§ Instructions for the task
Only the text carries over: repeat the records exactly and drop the images.

§ Records supplied
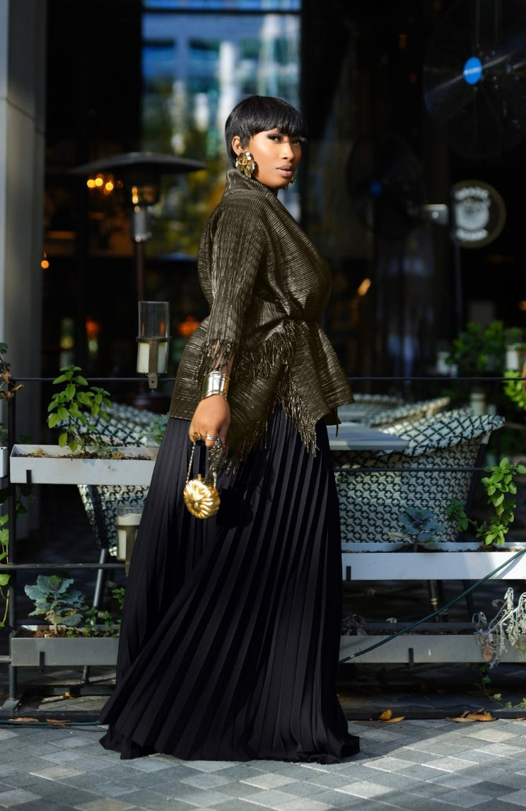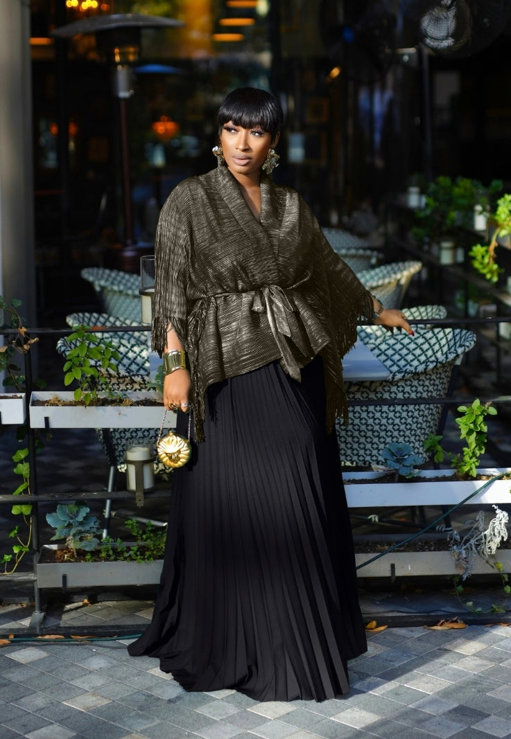 Color Pop! Step into this gold shimmering threads colorblock plisse set, a fusion of contemporary elegance and avant-garde design. Crafted to redefine sophistication, this ensemble features a striking SOLID COLOR with GOLD twirls plisse overlay cape blouse with belt, asymmetric draping and tassel ends, creating a captivating silhouette. Paired flawlessly with a matching SOLID COLOR pleated skirt, this ensemble exudes effortless charm and modern allure.
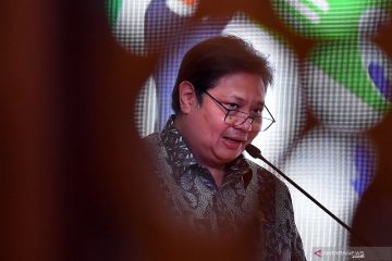 Menko Perekonomian Airlangga Hartarto menyampaikan pidato kunci dalam Rapat Koordinasi Nasional Pengendalian Inflasi Tahun 2020 di Kemenko Perekonomian, Jakarta, Kamis (22/10/2020). ANTARA FOTO/Sigid Kurniawan/foc.
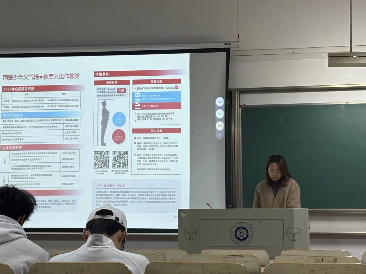 班会主持人向同学们介绍,今年征兵工作突出高素质兵员征集,重点面向高校毕业生、在校生和应届高中毕业生,鼓励理工科、医疗、信息技术等专业青年投身国防,为军队现代化建设注入新鲜血液。同时,军营现代化建设为青年提供了施展才华的广阔舞台,无论是通信技术、数据分析等专业技能,还是组织管理、应急处置等综合能力,都能在军营中得到充分锻炼,为未来职业发展奠定坚实基础。
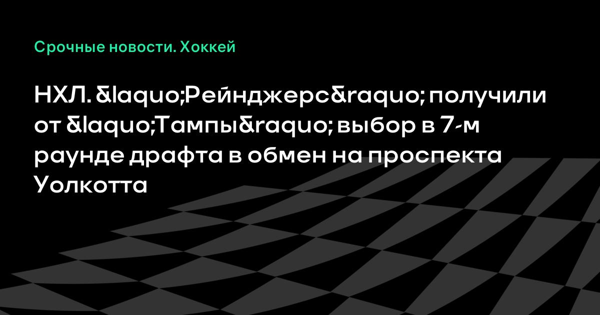 НХЛ. «Рейнджерс» получили от «Тампы» выбор в 7-м раунде драфта в обмен на проспекта Уолкотта
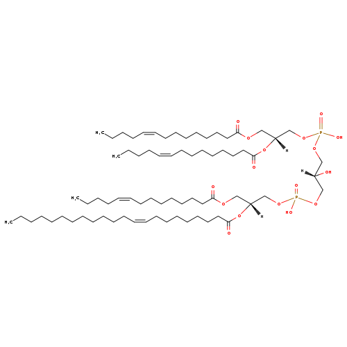 | YMDB09001 | CL(14:1(9Z)/14:1(9Z)/14:1(9Z)/22:1(9Z)) | [(2S)-3-({[(2R)-2,3-bis[(9Z)-tetradec-9-enoyloxy]propoxy](hydroxy)phosphoryl}oxy)-2-hydroxypropoxy][(2R)-2-[(9Z)-docos-9-enoyloxy]-3-[(9Z)-tetradec-9-enoyloxy]propoxy]phosphinic acid | C73H134O17P2 1345.806 | |

§ Result of the exercise
 Color Pop! Step into this gold shimmering threads colorblock plisse set, a fusion of contemporary elegance and avant-garde design. Crafted to redefine sophistication, this ensemble features a striking SOLID COLOR with GOLD twirls plisse overlay cape blouse with belt, asymmetric draping and tassel ends, creating a captivating silhouette. Paired flawlessly with a matching SOLID COLOR pleated skirt, this ensemble exudes effortless charm and modern allure.
 Menko Perekonomian Airlangga Hartarto menyampaikan pidato kunci dalam Rapat Koordinasi Nasional Pengendalian Inflasi Tahun 2020 di Kemenko Perekonomian, Jakarta, Kamis (22/10/2020). ANTARA FOTO/Sigid Kurniawan/foc.
 班会主持人向同学们介绍,今年征兵工作突出高素质兵员征集,重点面向高校毕业生、在校生和应届高中毕业生,鼓励理工科、医疗、信息技术等专业青年投身国防,为军队现代化建设注入新鲜血液。同时,军营现代化建设为青年提供了施展才华的广阔舞台,无论是通信技术、数据分析等专业技能,还是组织管理、应急处置等综合能力,都能在军营中得到充分锻炼,为未来职业发展奠定坚实基础。
 НХЛ. «Рейнджерс» получили от «Тампы» выбор в 7-м раунде драфта в обмен на проспекта Уолкотта
 | YMDB09001 | CL(14:1(9Z)/14:1(9Z)/14:1(9Z)/22:1(9Z)) | [(2S)-3-({[(2R)-2,3-bis[(9Z)-tetradec-9-enoyloxy]propoxy](hydroxy)phosphoryl}oxy)-2-hydroxypropoxy][(2R)-2-[(9Z)-docos-9-enoyloxy]-3-[(9Z)-tetradec-9-enoyloxy]propoxy]phosphinic acid | C73H134O17P2 1345.806 | |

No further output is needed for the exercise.